About this exercise
Write the data out again exactly, with no pictures.

Recorded information
• • • •

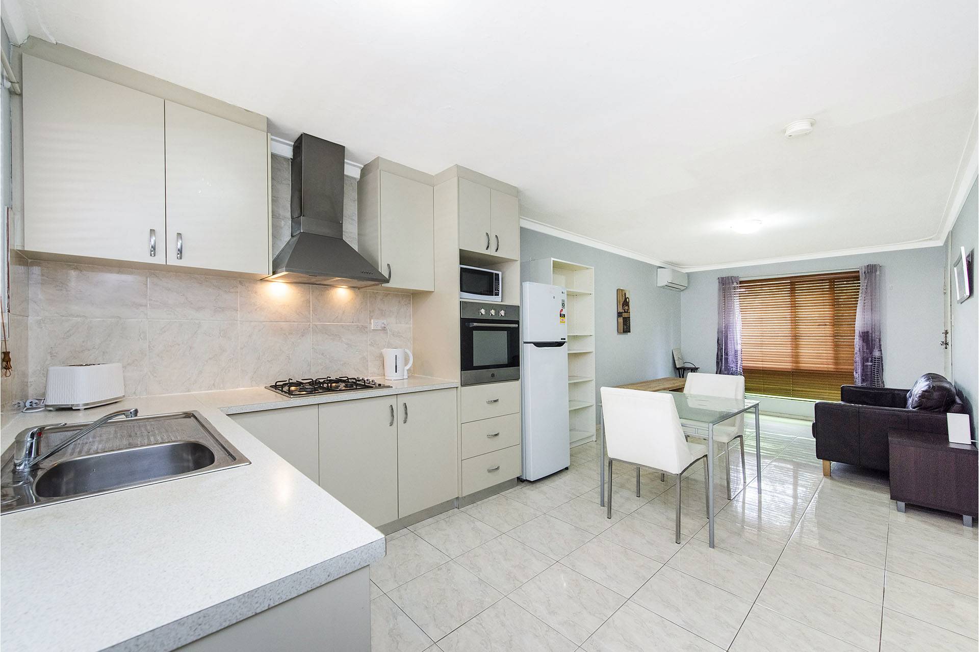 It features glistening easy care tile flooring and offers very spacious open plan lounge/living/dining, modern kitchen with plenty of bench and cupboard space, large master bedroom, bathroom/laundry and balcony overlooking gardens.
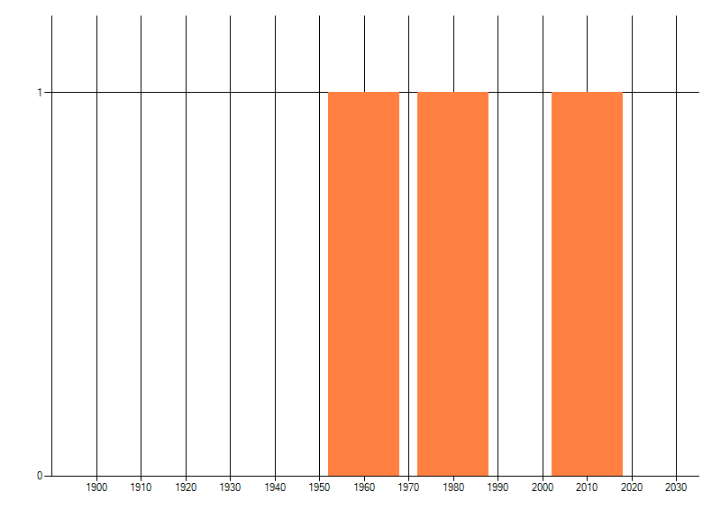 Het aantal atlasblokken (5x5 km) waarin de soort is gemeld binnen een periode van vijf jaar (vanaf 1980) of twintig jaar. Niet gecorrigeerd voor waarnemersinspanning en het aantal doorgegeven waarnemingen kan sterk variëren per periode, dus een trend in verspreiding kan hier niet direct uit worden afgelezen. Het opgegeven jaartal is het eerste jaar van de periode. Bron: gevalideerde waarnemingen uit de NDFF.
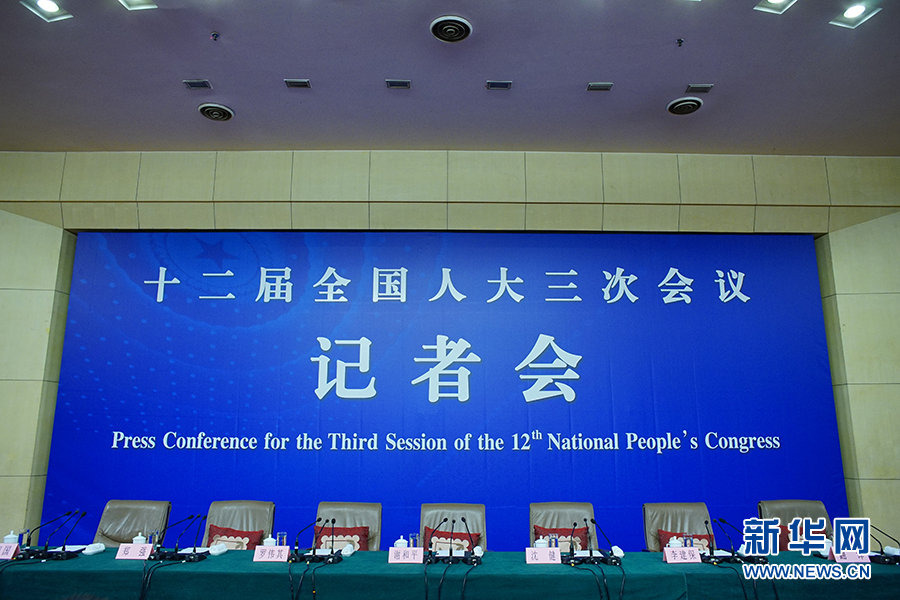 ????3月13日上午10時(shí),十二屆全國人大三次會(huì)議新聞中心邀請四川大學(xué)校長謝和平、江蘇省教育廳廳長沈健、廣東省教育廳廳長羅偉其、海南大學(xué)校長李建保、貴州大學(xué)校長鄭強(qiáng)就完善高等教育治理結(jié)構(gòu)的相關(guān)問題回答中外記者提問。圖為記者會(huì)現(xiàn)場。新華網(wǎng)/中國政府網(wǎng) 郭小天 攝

• • • •

Answer for this exercise
 It features glistening easy care tile flooring and offers very spacious open plan lounge/living/dining, modern kitchen with plenty of bench and cupboard space, large master bedroom, bathroom/laundry and balcony overlooking gardens.
 Het aantal atlasblokken (5x5 km) waarin de soort is gemeld binnen een periode van vijf jaar (vanaf 1980) of twintig jaar. Niet gecorrigeerd voor waarnemersinspanning en het aantal doorgegeven waarnemingen kan sterk variëren per periode, dus een trend in verspreiding kan hier niet direct uit worden afgelezen. Het opgegeven jaartal is het eerste jaar van de periode. Bron: gevalideerde waarnemingen uit de NDFF.
 ????3月13日上午10時(shí),十二屆全國人大三次會(huì)議新聞中心邀請四川大學(xué)校長謝和平、江蘇省教育廳廳長沈健、廣東省教育廳廳長羅偉其、海南大學(xué)校長李建保、貴州大學(xué)校長鄭強(qiáng)就完善高等教育治理結(jié)構(gòu)的相關(guān)問題回答中外記者提問。圖為記者會(huì)現(xiàn)場。新華網(wǎng)/中國政府網(wǎng) 郭小天 攝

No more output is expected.